Ma la tecnologia è fantastica! Ci teniamo in contatto con i nostri amici e la nostra famiglia in tutto il mondo; possiamo fare un milione di nuove cose utili come scambiare cose che non vogliamo più, leggere le notizie tutto il tempo e ordinare cibo a domicilio; possiamo creare avatar bitmoji per le nostre mamme e creare un costume da elfo per il nonno, giusto in tempo per Natale. E i meme sono davvero divertenti e, dannazione, a volte fanno piangere per un minuto. Si può anche avere un’applicazione chiamata Moment che controlla il tempo davanti allo schermo e incoraggia a scollegarsi (contiene acquisti in-app).
Filling the Void offre un vasto resoconto dei mali dei media sociali: come Facebook e Twitter erodono il giornalismo e la diffusione di notizie, con i loro algoritmi che determinano in modo misterioso la portata del contenuto, i loro cinici interessi pubblicitari che censurano video di Black Lives Matter e del movimento BDS. Siamo drogati. I nostri telefoni ci interrompono il sonno, ci distraggono mentre guidiamo, in alcuni casi disgraziati facendoci cadere da scogli mentre ci facciamo un selfie.
Le industrie scremano i nostri dati per scopi nefasti, cioè il loro arricchimento, e pare che noi non siamo in grado di darci una mossa per fermarli. In effetti ci adeguiamo allegramente a ogni nuova funzione che Facebook introduce (“Amore”, “Haha!”, “Arrabbiato”), dimentichi dei nuovi poteri che mette a disposizione, consentendo a siti di scavare a fondo nelle nostre preferenze, personalità e rapporti personali, mentre crediamo di dedicarci all’attività della pura espressione di noi stessi: “questa illusione è esattamente ciò che dà il suo potere alla sequenza degli eventi”, dice GIlroy-Ware.
Filling the Void accumula urgenza nella sua discussione di ciò che i media sociali stanno provocando alla nostra salute mentale. Qui deve molto allo scomparso Mark Fisher, il cui libero del 2009 Capitalist Realism è divenuto per molti il testo base su come il capitalismo sta danneggiando la nostra cultura e il nostro cervello. Mutuando il concetto di Fisher di “edonia depressiva”, GIlroy-Ware traspone tale analisi, che descrive uno stato più pervasivo, nel contesto specifico della tecnologia digitale, dove ovviamente si trova a casa propria.

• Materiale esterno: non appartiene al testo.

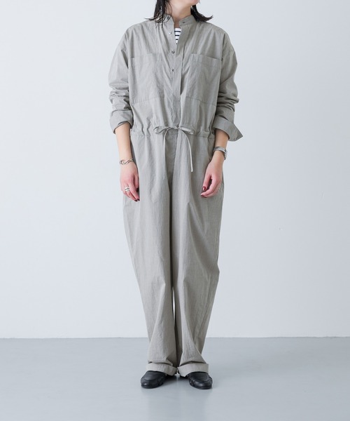 ナチュラルな雰囲気が大人好みなアイテム 簡単にコーディネートが完成するオールインワン。ゆとりがあるサイズ感で体の線を拾いにくいのも嬉しいポイント。アクセサリーや小物が映えるシンプルなデザインは、お出かけ気分を高めます。少し釦を開けて着用すると抜け感が増した装いに。ウエストの紐でブラウジングしたり、裾をロールアップすれば着丈の調節も可能です。 【FABRIC】 ・風合いが豊かで上品な佇まいのコットン ・ハリを残しつつも柔らかな肌あたり 【POINT】 ・リラクシーな着心地 ・これ1枚でこなれ感のあるスタイルに 【2026 Spring/Summer】【26SS】 総重量 : 約360g ※商品画像は、光の当たり具合やパソコンなどの閲覧環境により、実際の色味と異なって見える場合がございます。予めご了承ください。 ※商品の色味の目安は、商品単体の画像をご参照ください。 ▼お気に入り登録のおすすめ▼ お気に入り登録された商品は、マイページにて現在の価格情報や在庫状況の確認が可能です。 お買い物リストの管理にぜひご利用ください。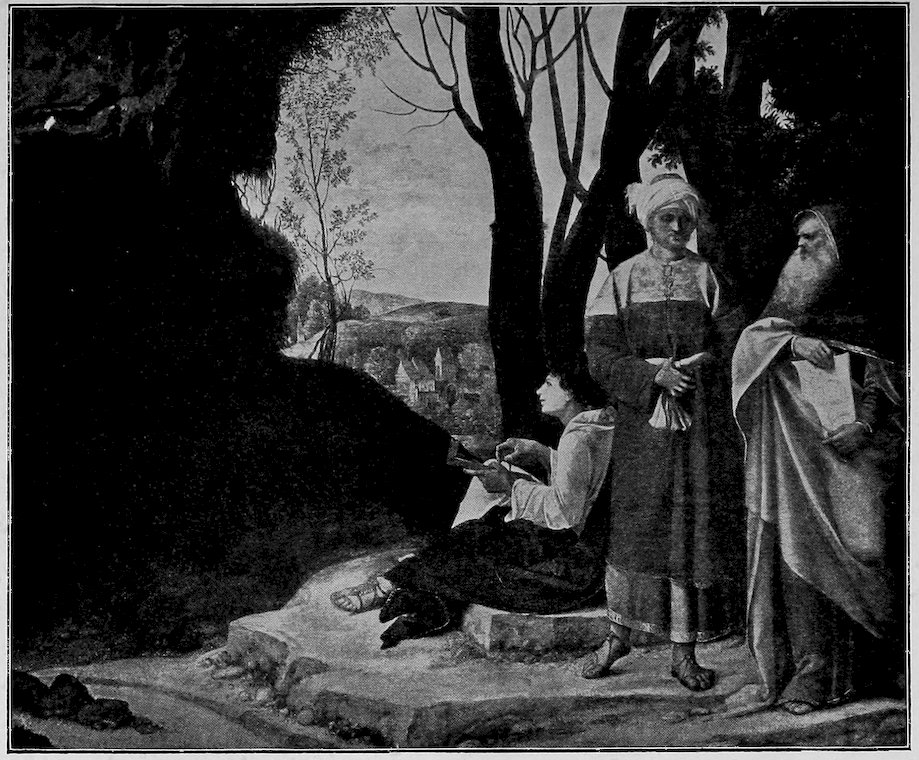 Always steadily reaching for the same goal, this even-poised master did not one day paint such exalted figures as Bellini’s Virgin and Companion Saints in the Frari, and on another such heathen festivities as the same master’s Bacchanal. But, as he loved music and pleasant company and such pleasantnesses of life, so in his painting he shows us grace and harmony and good breeding. And as these things are hard to find in our daily course and harder still to fix long enough to paint their semblance, he fashioned for himself a world, an Arcadia, where men and women, surrounded by beautiful Nature, lived together, enjoying a life where there was both work and play. In all temperate reason they employ their energies now on problems of deep thought, and now in the satisfaction of health and natural bodily enjoyment, and it is just because of the reasonableness of this balance of mind and body that his pictures seem poetic, dreamlike and difficult to explain. As Keats, more than any scientist or idle dreamer, tells how the nightingale entrances the soul, so Giorgione depicts the Virgin and her Child guarded by attendant Saints, or adored by kings and slaves, with greater 213persuasiveness than any theologian. But he does this neither as one diverted only by the pageantry, nor as an historian. Endowed with a poet’s instinct, he saw the deeper meaning of the scene and depicted those parts that truly illustrate it.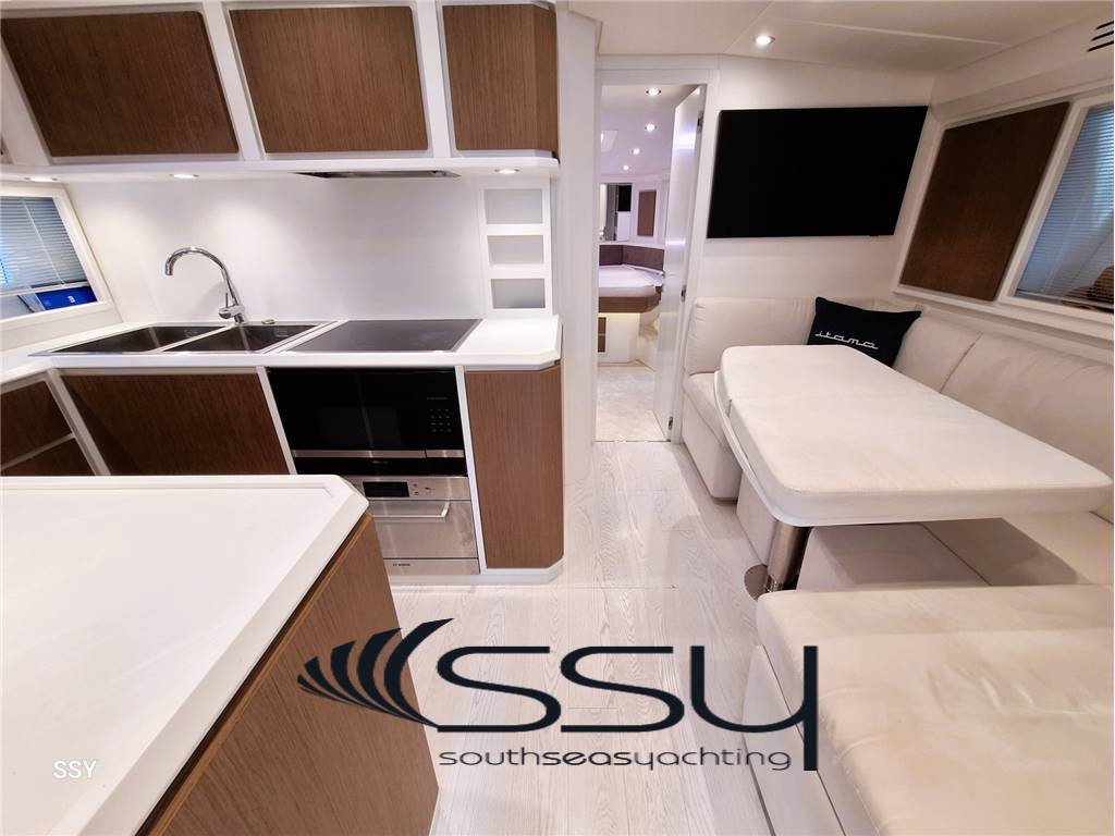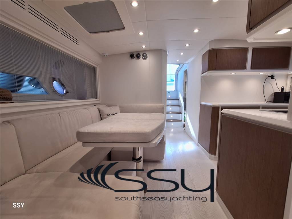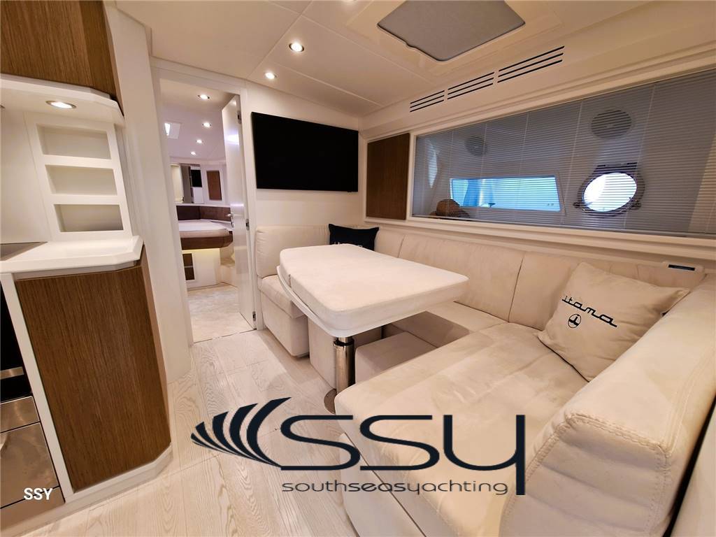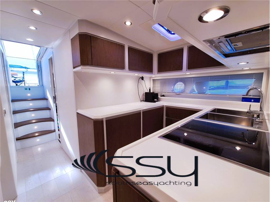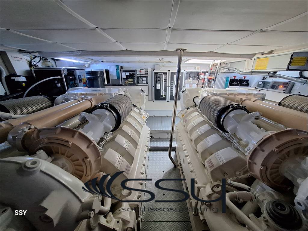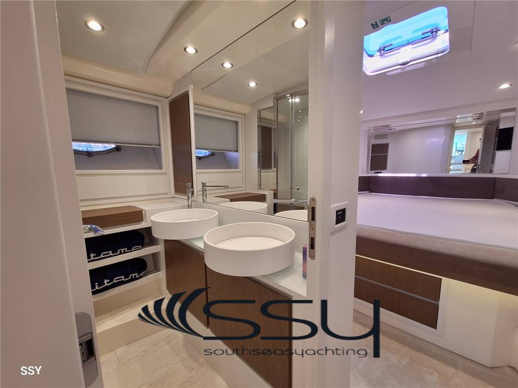Notas internas- Zona cucina contrapposta con piano cottura ad induzione Siemens, forno digitale combi Siemens, lavastoviglie Bosch (6 coperti), frigorifero & freezer Isotherm; - Cabina armatoriale matrimoniale prodiera con tende veneziane, impianto stereo Fusion MSRA770, smart TV 32’’, bagno privato con top in cristallo bianco e box doccia; - cabina ospiti matrimoniale a dritta con tende veneziane, bagno con top in cristallo bianco e box doccia; - cabina ospiti a sinistra doppia con letti in piano e tende veneziane, bagno con doppio accesso e top in cristallo bianco, box doccia; - cabina equipaggio climatizzata a poppa con ingresso e servizi indipendenti + lavasciuga. - Spacious living room with “c” sofa with retractable table, 42’’ Smart led TV, HIFI Fusion Apollo MSRA770 Sirius XM, router WIFI, venetian blinds; - opposite kitchen area with Siemens induction hob, digital combi Siemens oven, Bosch dishwasher (6 places), Isotherm fridge + freezer; - Forward master double cabin with venetian blinds, en-suite bathroom with white-crystal top & box shower + 32’’ smart led TV + HIFI Fusion MS-RA770 + safe; - starboard double guest cabin with venetian blinds and private bathroom with white-crystal top and box shower; - port twin guest cabin with venetian blinds, bathroom with double access (for daily use) with white-crystal top & box shower; - Aft crew separate air conditioned cabin with its own entrance and facilities + washer & dryer machine. Notas de la instrumentación- VHF/AIS Simrad RS100-B black box;- Simrad IS42 tridata; - 2xMultifunction Simrad NSO Evo3S 16’’ touch screen (chart plotter & engines data); - Simrad IS42 Autopilot with Simrad OP12 + OP50 keypad controller; - Digital Chain Counter MZ Electronic / contacatena digitale; - Seakeeper dash display; - Humpree (interceptor flaps) display CP502 with auto trim; - Rudder ind. Level / Ind. Angolo di barra; - SidePower bow (8.7hp) & stern (10.7hp) thrusters / elica di prua & poppa. Notas de armamento- stabilizzatore giroscopico Seakeeper 9 con display in plancia;- sistema flaps interceptor Humphree con auto trim & display in plancia; - telecamere sala macchine e prua (movimentazione ancora); - gruppo elettrogeno Fisher Panda 18XPMS 15.kw 230V/50Hz; - caricabatterie Mastervolt Mass 24/50; - inverter Mastervolt Sine Wave Mass 24/2500; - impianto A/C reversibile Dometic Condaria PCWM 7501 (30.000btu); - dissalatore Idromar C902 130lt/h con display in plancia; - passerella idraulica & tender lift Opac Mare; - tonneggio di poppa Lofrans’ 700W; - smart TV 32’’ in pozzetto a scomparsa elettricamente sotto sedile copilota; - impianto HiFi in pozzetto Fusion MS-NRX300; - mobile bar pozzetto con icemaker Vitrifrigo + frigo a cassetto Isotherm + BBQ elettrico; - bimini elettrico a scomparsa con faretti a led integrati + PVC laterali; - set completo coperture ed oscuranti + chiusura pozzetto; - router WIFI interno + 2 smart TV led (43’’ salone + 32’’ armatoriale); - impianto HiFi interno Fusion serie Apollo MS-RA770 Sirius XM; - 100mt di catena da 10mm + ancora Bruce; - bitte laterali a scomparsa; - prendisole di prua con poggiatesta; - luci subacquee a poppa; - tender Williams Turbo Jet 285. - Seakeeper 9 gyro stabilizer system with dash display; - interceptor flaps system Humphree with auto trim & dash display; - TVCC system (engine room + anchor); - Fisher Panda 18XPMS 15.kw 230V/50Hz generator; - Mastervolt Mass 24/50 battery charger; - inverter sine wave Mastervolt Mass 24/2500; - A/C system Dometic Condaria PCWM 7501 (30.000btu); - water maker Idromar C902 130lt/h with dash remote control; - Opac Mare hydraulic gangway & tender lift; - 1xLofrans aft winch 700W; - cockpit electric retractable smart Tv 32’’ under copilot seat; - cockpit Fusion MS-NRX300 HiFi system; - cockpit wet bar with Isotherm drawer fridge + Vitrifrigo Icemaker + electric BBQ; - led lighted electric foldaway bimini top + side transparent pvc; - full set cockpit awnings + cockpit closing; - inside router WIFI + 2xled smart TV (43’’ saloon + 32’’ master cabin); - inside HiFi system Fusion serie Apollo MS-RA770 Sirius XM; - 100mt chain 10mm + Bruce anchor; - side retractable bollards; - bow sunbed with headrest; - underwater led lights; - tender Williams Turbo Jet 285 |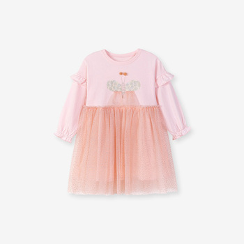 Vestido de malla de patrón sólido de estilo europeo y americano para niños de otoño, falda informal bonita al por mayor para niñas pequeñas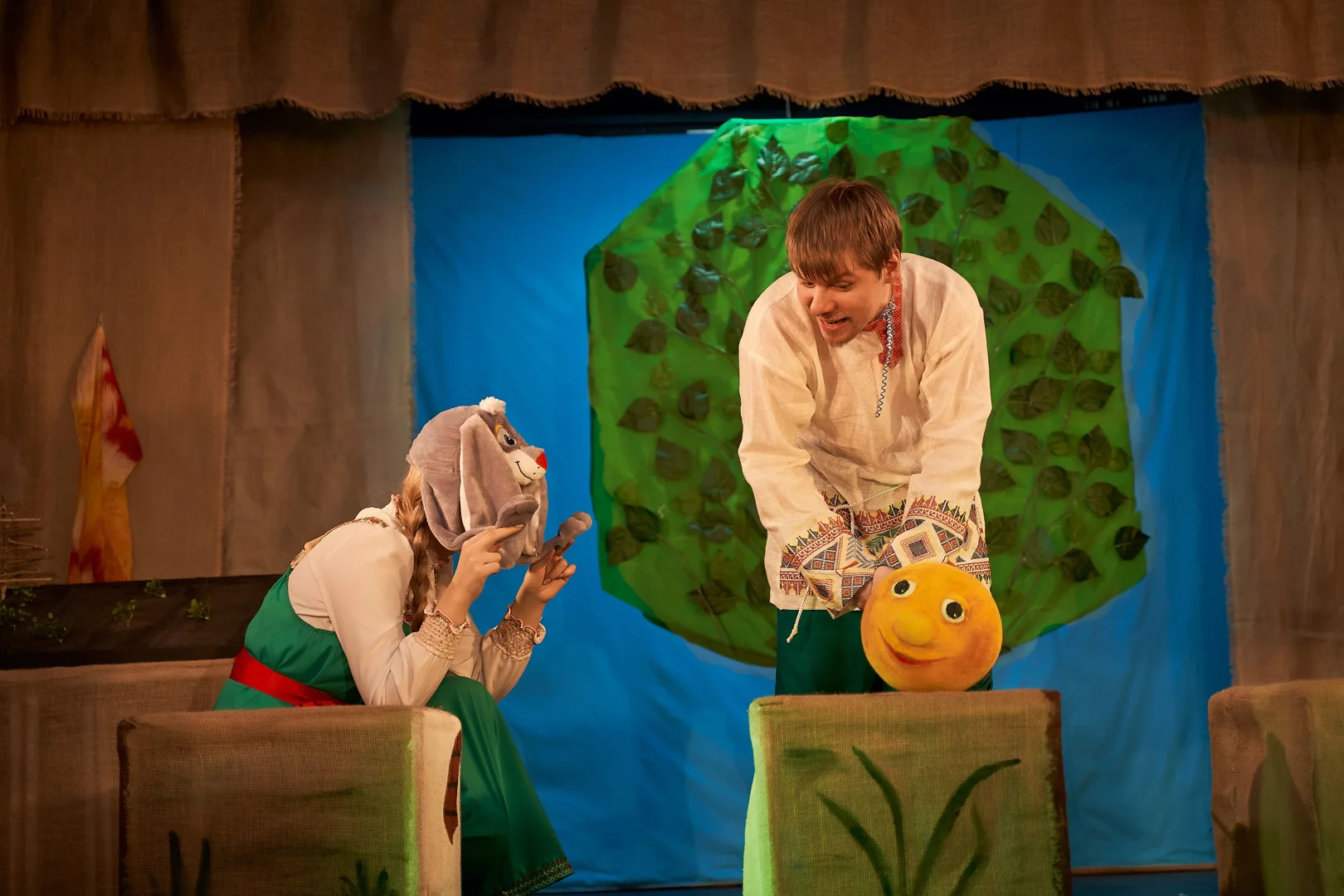 Спектакль «Мышка-норушка, Колобок и теремок» — увлекательное путешествие в неповторимый мир русского фольклора. Спектакль для самых маленьких зрителей. Жили-были Дед и Баба… Коллаж из любимых с детства русских народных сказок. Тут и веселый Колобок, и Курочка-Ряба, и репка. А Мышка-норушка с друзьями находит теремок. В спектакле много песен и народной музыки… и даже ансамбль ложкарей!

Fisher afferma: “La depressione è solitamente caratterizzata da uno stato di anedonia, ma la condizione cui mi riferisco è costituita non da un’incapacità di provare piacere, ma piuttosto da un’incapacità di fare altro che perseguire il piacere. C’è una sensazione che ‘qualcosa manca’, ma nessuna comprensione che questo misterioso godimento mancante può essere raggiunto solo oltre di principio del piacere”.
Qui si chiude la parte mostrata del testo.